The Strong Message of the high turnout of the Afghan voters
Afghan voters strongly conveyed a clear message to all the terrorist groups that they will not let them win in the country. Many have termed this as an act of bravery to vote in Afghan elections. In many polling stations the crowds were even larger this time than past eledctions and the queue of male voters kept getting longer. However, turnout has been low in the insecure areas. 
Anyhow, considering the volatile security conditions in the country, many believe even conducting this election is an achievement: It showed that Afghan officials and security forces can do it, and to usher in a more legitimate parliament to replace a discredited assembly and pushing to move toward presidential elections in 2019 and Taliban peace talks.
Why do Afghan elections matter for the Afghans and the International Community?
For most Afghans who lokking for a better life, jobs, education and an end to the war with the Taliban, the Wolesi Jirga elections seem as strategic means to ensure them.

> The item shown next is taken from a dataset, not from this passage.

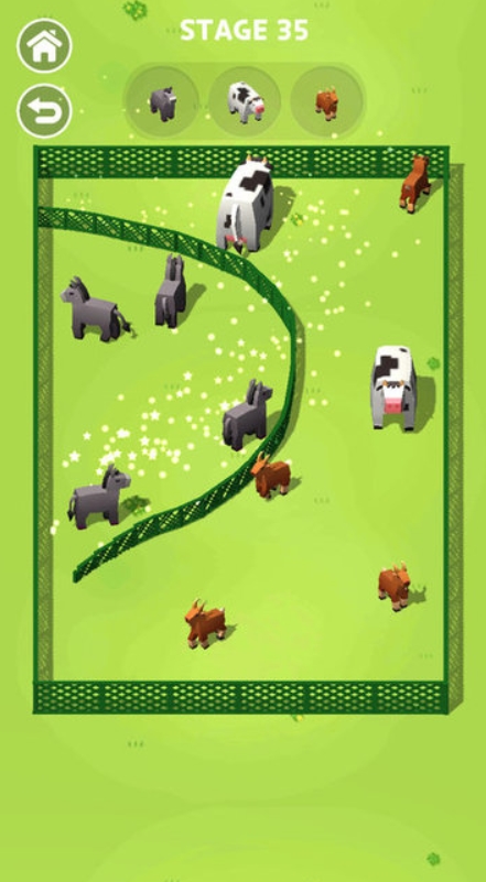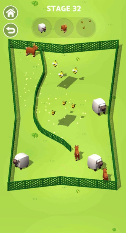 2、根据不同的动物来对农场进行合理的绘制围栏,玩法新颖有趣。

And for the country’s foreign partners, seeing a flourishing democracy would be the return they’re seeking after many years of investment, billions of dollars spent and thousands of lives lost in more than a decade of fighting in Afghanistan. So, they seriously backed up holding the Wolesi Jirga elections and urged the Afghan government to conduct it in a transparent, fair, free and credible manner.

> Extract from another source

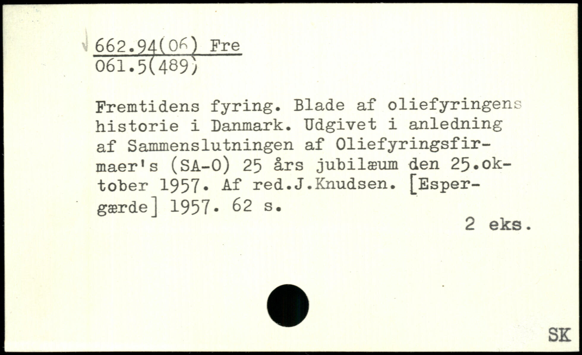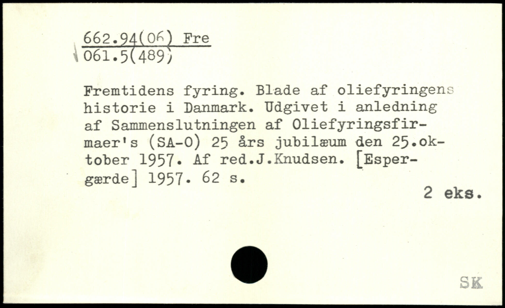 Fremtidens fyring. Blade af oliefyringens historie i Danmark. Udgivet i anledning af Sammenslutningen af Oliefyringsfir-maer's (SA-0) 25 års jubilæum den 25,oktober 1957, Af red.J.Knudsen. [Esper-gærde] 1957

However, this election has been seen as a key test ahead of the all-important presidential elections due in April 2019.  The overall support of the international community, high peoples’ turn out and overall relative good security are the strong points of Wolesi Jirga elections; while weak electoral management by IEC and lack of knowledge about how to use the biometric system, lack of on time delivery of the electoral materials and lack of on time presence of electoral workers and officials in the polling stations have been the most outstanding weakness of it that require to be addressed properly in the coming presidential elections due next year.